Check the front toe. Besides my TTS I have a 2013 Focus ST it has a ton of wheel spin and bad tourque steer. I've played with the toe settings and found that with a little toe out .032 it's a lot better and less darty. It still flees like a front driver but made a big difference . Carl


----------



## R6B TT (Feb 25, 2003)

My Mk2 2.0FWD came with Conti Sport Contacts from the factory, it was fine even when mapped up to 265bhp. You could light them up when you wanted to but the light handling was one of the appeals. FWD/ RWD/ Quattro driving techniques are different.


----------



## wja96 (Mar 4, 2010)

You can put the most expensive tyres in the world on a FWD TT and you'll still spin them at will on a damp or wet road. You're putting 200bhp plus through two tiny contact patches and asking them to steer at the same time. It's just a BAD idea.

Given that you can get momentary wheel spin on a quattro car, you have no hope of flooring it at a junction in a FWD car. I have driven 255bhp Shark tuned FWD TT's and you have to be very sympathetic to the throttle, even with something like Yokohama A008's on the car.

Have a look at the Whiteline Anti-lift Kit (WALK) as that does wonders for the VAG FWD platform's initial traction and general stability.


----------



## Si (Oct 17, 2005)

Well... some good news!

I've been working long hours and not had a chance to try anything, but I had a quick blast this evening and was sliding around again, going from 30 to 60mph.

I took it down to Sainsbury's and checked the tyres.
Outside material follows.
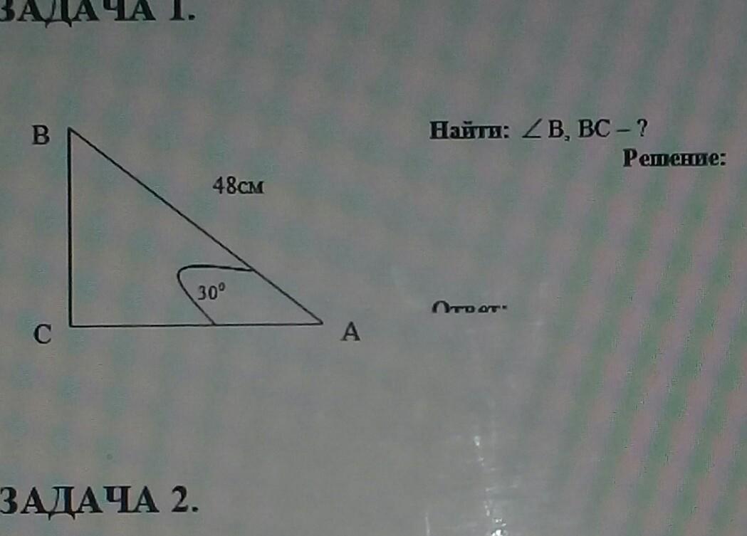 BC= AB:2=48:2=24см(т.к. напротив угла в 30 градусов катет равен половине гипотенузы)

The fronts were 24 and 26 instead of 32 and the backs were 20 and 22 instead of 26.

So, I inflated them to the correct pressures and instantly the problem has gone. Now I feel like a plank for not having checked them, but as it came from an Audi dealer and was like it from the very first drive, I kind of thought they'd have at least pumped the tyres up!

I'm starting to think that those "used approved" cars are nothing of the sort! Ship them in and ship them out, without so much as checking the tyre pressures!

So, a happy ending and it's sooooo much nicer to drive now!

Si


----------



## angrybritain (Feb 13, 2013)

Sorry mate, my Golf GTi Mk5 used to do that. Basically the same car.

You'll get the hang of it after a while - or lots of loyalty points at Kwik Fit!


----------